1. Nativism, of which Intuitionalism is the most common form, regards the conscience as a separate natural endowment, coeval with the creation of man. Every individual, it is maintained, has been endowed by nature with a distinct faculty or organ by which he can immediately and clearly {73} pronounce upon the rightness or wrongness of his own actions. In its most pronounced form this theory maintains that man has not merely a general consciousness of moral distinctions, but possesses from the very first, apart from all experience and education, a definite and clear knowledge of the particular vices which ought to be avoided and the particular virtues which ought to be practised. This theory is usually connected with a form of theism which maintains that the conscience is particularly a divine gift, and is, indeed, God's special witness or oracle in the heart of man.
Though there would seem to be an element of truth in intuitionalism, since man, to be man at all, must be conceived as made for God and having that in him which points to the end or ideal of his being, still in its most extreme form it would not be difficult to show that this theory is untenable. It is objectionable, because it involves two assumptions, of which the one conflicts with experience, and the other with the psychological nature of man.

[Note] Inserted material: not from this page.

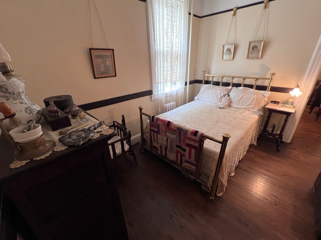 This room, which was actually the girls bedroom has been recreated to resemble where Maria and Pietro slept. The dresser is set with brushes, combs and mirrors that are from the period. The Botto’s slept in a brass bed.

(1) Experience gives us no warrant for supposing that duty is always the same, and that conscience is therefore exempt from change. History shows rather that moral convictions only gradually emerge, and that the laws and customs of one age are often repudiated by the next. What may seem right to one man is no longer so to his descendant. History records deeds committed in one generation in the name of conscience which in the same name a later generation has condemned with horror. Moreover, the possibility of a conflict between duties proves that unconditional truth exists at no stage of moral development. There is no law so sacred that it may not in special cases have to yield to the sacredness of a higher law. When duties conflict, our choice cannot be determined by any a priori principle residing in ourselves. It must be governed by that wider conception of the moral life which is to be gained through one's previous development, and on the basis of a ripe moral experience.[5] (2) Nor is this theory consistent with {74} the known nature of man. We know of no separate and independent organ called conscience. Man must not be divided against himself. Reason and feeling enter into all acts of will, since these are not processes different in kind, but elements of voluntary activity itself and inseparable from it. It is impossible for a man to be determined in his actions or judgments by a mere external formula of duty, a 'categorical imperative,' as Kant calls it, apart from motives. Moreover, all endowments may be regarded as divine gifts, and it is a precarious position to claim for one faculty a spiritually divine or supernatural origin which is denied to others. Man is related to God in his whole nature. The view which regards the law of duty as something foreign to man, stern and unchangeable in its decrees, and in nowise dependent upon the gradual development and growing content of the moral life is not consistent either with history or psychology.